But, a smaller more accurate number is a good thing in the long run, and we will also gain new understanding about the multiple ways people contribute over time.

We will be able to see how people move around the project, and find that what looks like someone ‘stopping’ contributing, might be them switching focus to another team, for example. There are lots of exciting possibilities here.

And while I’m looking at this from a metrics point of view today, the same data allows us to make sure we say hello and thanks to any new contributors who joined this week, or to reach out and talk to long running active contributors who have recently stopped, and so on.

Trendlines and Stacking Logs

TL;DR

  • Our MoFo dashboards now have trendlines based on known activity to date
  • The recent uptick in activity is partly new contributors, and partly new recognition of existing contributors (all of which is good, but some of which is misleading for the trendline in the short term)
  • Below is a rambling analogy for thinking about our contributor goals and how we answer the question ‘are we on track for 2014?’
  • + if you haven’t seen it, OpenMatt has crisply summarized a tonne of the data and insights that we’ve unpicked during Maker Party

Stacking Logs

I was stacking logs over the weekend, and wondering if I had enough for winter, when it struck me that this might be a useful analogy for a post I was planning to write.
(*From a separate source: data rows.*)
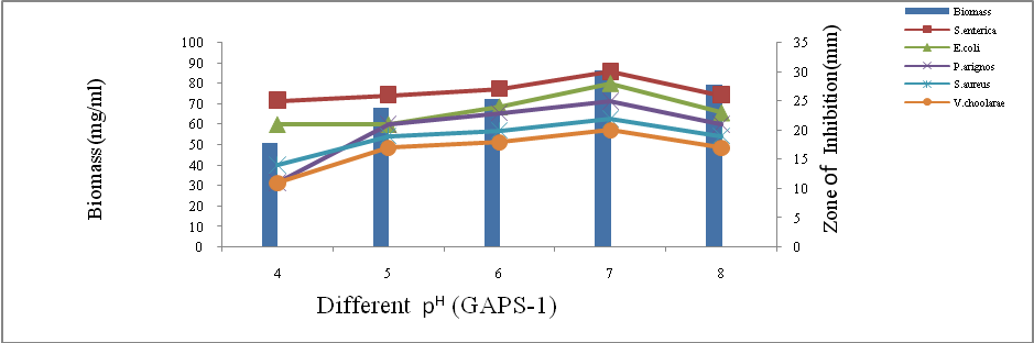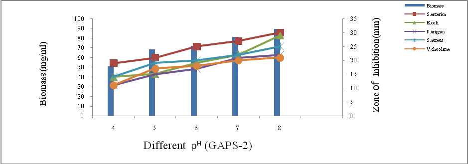 Fig. 4 explains about effect of PH on Secondary metabolite production and biomass by gaps 1 and 2 showing maximum growth and antibiotic production in pdb at Nacl 3%; incubation time 144 h; PH-7(GAPS-1), 8(GAPS-2). Selected potential marin fungal metabolite were subjected to various concentrations of pH ranging from 3.0 to 10.0 were taken for the study of an interval of pH 1.0. Maximum growth at ph 7.0 (gaps 1) ph 8.0 (gaps-2) and decreased further increases the pH beyond 7.0. No growth was registered at ph range below 4.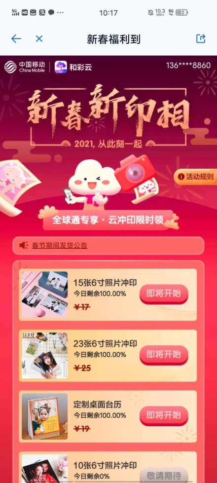和彩云网盘为移动客户免费提供40G(个人20G+家庭20G)云存储空间,满足用户手机相册、微信文件等数字资产的备份同步、在线管理、共享等需求。即日起至2021年6月30日每日12:00开始,全球通用户还可免费领取一份冲印权益,可免费冲印您春节期间拍摄的美好照片、定制桌面台历。具体活动规则请登录和彩云网盘查看。(通讯员:陈凡军 汪炜 覃湘君)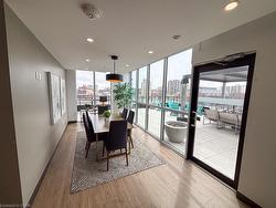 Live in the heart of downtown Kitchener in the centre of it all! Just steps away from City Hall and Victoria Park and LRT station at your front door the Region is yours to explore! This podium Suite is facing South West and your private balcony overlooks the iconic Victoria Park clock tower. Enjoy an open concept layout with plenty of counter space in the kitchen, which features a breakfast bar connecting to the living space. The floor to ceiling windows allow for plenty of natural light and views of the surrounding city. The balcony space is an impressive 123 sq.ft, which gives you plenty of outdoor space to enjoy year round. This building has an absolutely fantastic range of amenities like a concierge, lobby lounge, party room, fitness and yoga room, outdoor terrace, a guest suite, pet wash stations, and garage parking. All utilities and internet included - Tenants only pay HYDRO!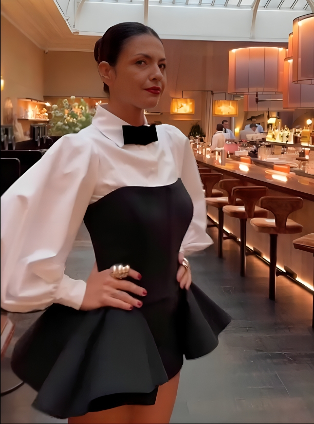 In passerella ha cambiato più di un look. Quello più apprezzato l’ha vista sfoggiare le sue gambe lunghissime. Una rivisitazione moderna “black and white” dell’eleganza classica: un body nero senza spalline con un vivace peplo, abbinato a maniche bianche ampie e scenografiche e a un raffinato fiocco. Infine delicati tacchi e anelli d’impatto.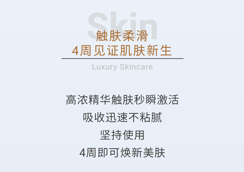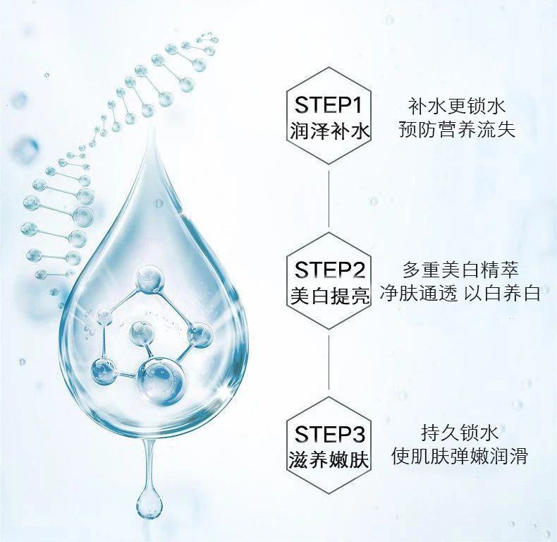 产品功效:智能亮白步,即时补水、锁水,同时有抗击肌肤氧化;智能醒肤、智能锁水,给肌肤充分的水分滋养,肌肤水润亮白。
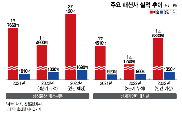 신명품을 수입하는 패션사의 실적도 개선됐다. 신명품을 적극적으로 발굴해 온 삼성물산 패션부문과 신세계인터내셔날이 대표적이다. 삼성물산 패션부문은 3분기 누적 매출액이 1조4600억원, 영업이익은 1330억원이었다. 4분기는 성수기라 삼성물산 패션부문은 2015년 합병 이후 처음으로 매출 2조원 돌파가 유력하다. 영업이익은 이미 지난해 연간 수준(1010억원)을 넘어섰다. 신세계인터내셔날도 올해 3분기 누적 매출액이 1조1230억원, 영업이익은 960억원이었다. 이미 지난해 연간 영업이익(920억원)을 뛰어넘었다.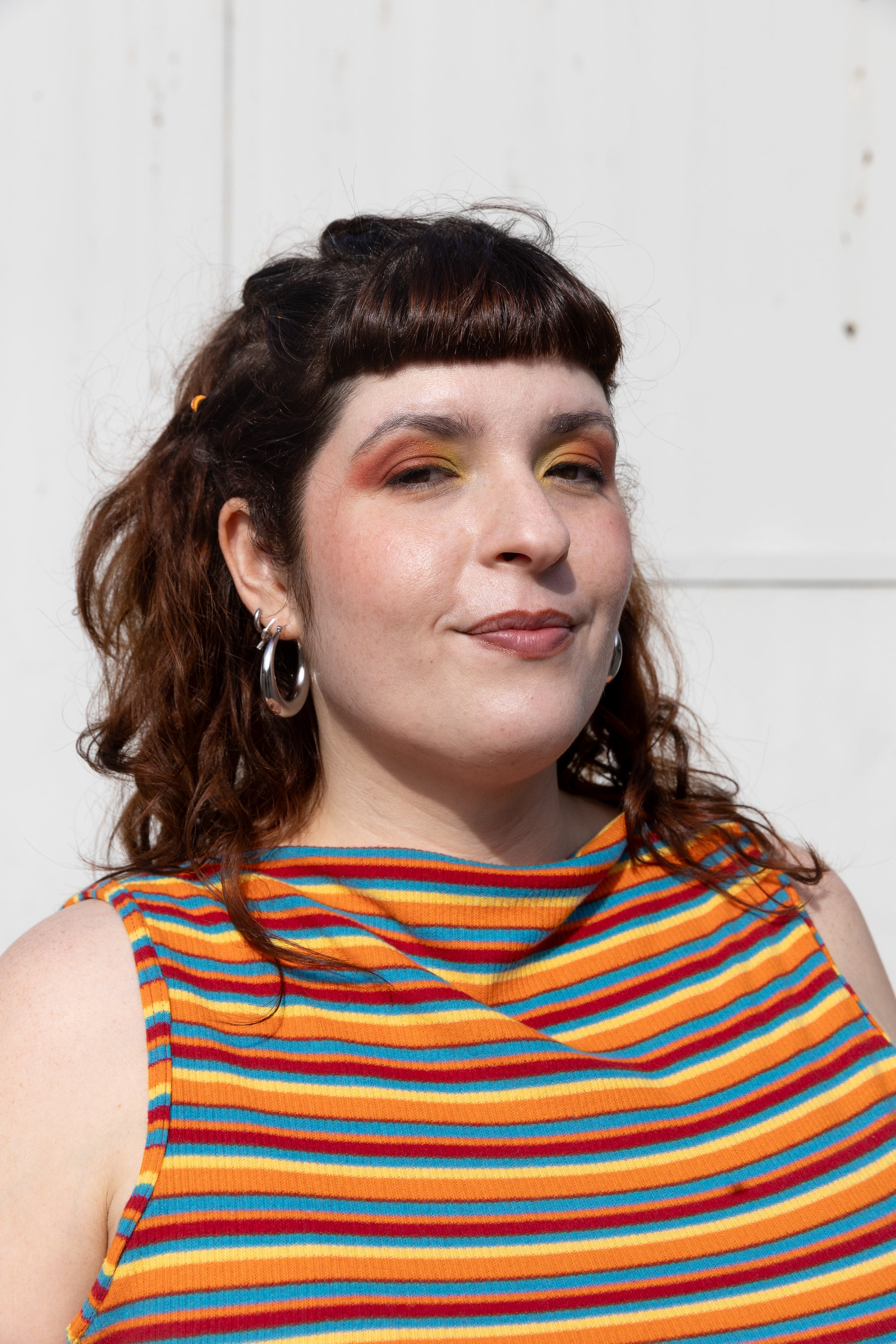 Top sin mangas confeccionado en punto suave con finas rayas y cuello bajo con un ligero borde de tejido. Su corte recto y cómodo se adapta fácilmente al cuerpo. Disponible en dos combinaciones de color del tejido.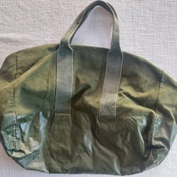 Grön väska, vet inte om det är lumpen/militär eller liknande, slitstarkt tyg

So bear with me, I hope this works…

To be clear, this is an analogy about predicting and planning, not a metaphor for contributors* 😀

So the trendline looks good, but…

Screen Shot 2014-08-19 at 11.47.27

Trendlines can be misleading.

What if our task was gathering and splitting logs?

Vedstapel, Johannes Jansson (1)

We’re halfway through the year, and the log store is half full. The important questions is, ‘will it be full when the snow starts falling?

Well, it depends.

It depends how quickly we add new logs to the store, and it depends how many get used.

So let’s push this analogy a bit.

Firewood in the snow

Before this year, we had scattered stacks of logs here and there, in teams and projects. Some we knew about, some we didn’t. Some we thought were big stacks of logs but were actually stacked on top of something else.

Vedstapel, Johannes Jansson

Setting a target was like building a log store and deciding to fill it. We built ours to hold 10,000 logs. There was a bit of guesswork in that.

It took a while to gather up our existing logs (build our databases and counting tools). But the good news is, we had more logs than we thought.

Now we need to start finding and splitting more logs*.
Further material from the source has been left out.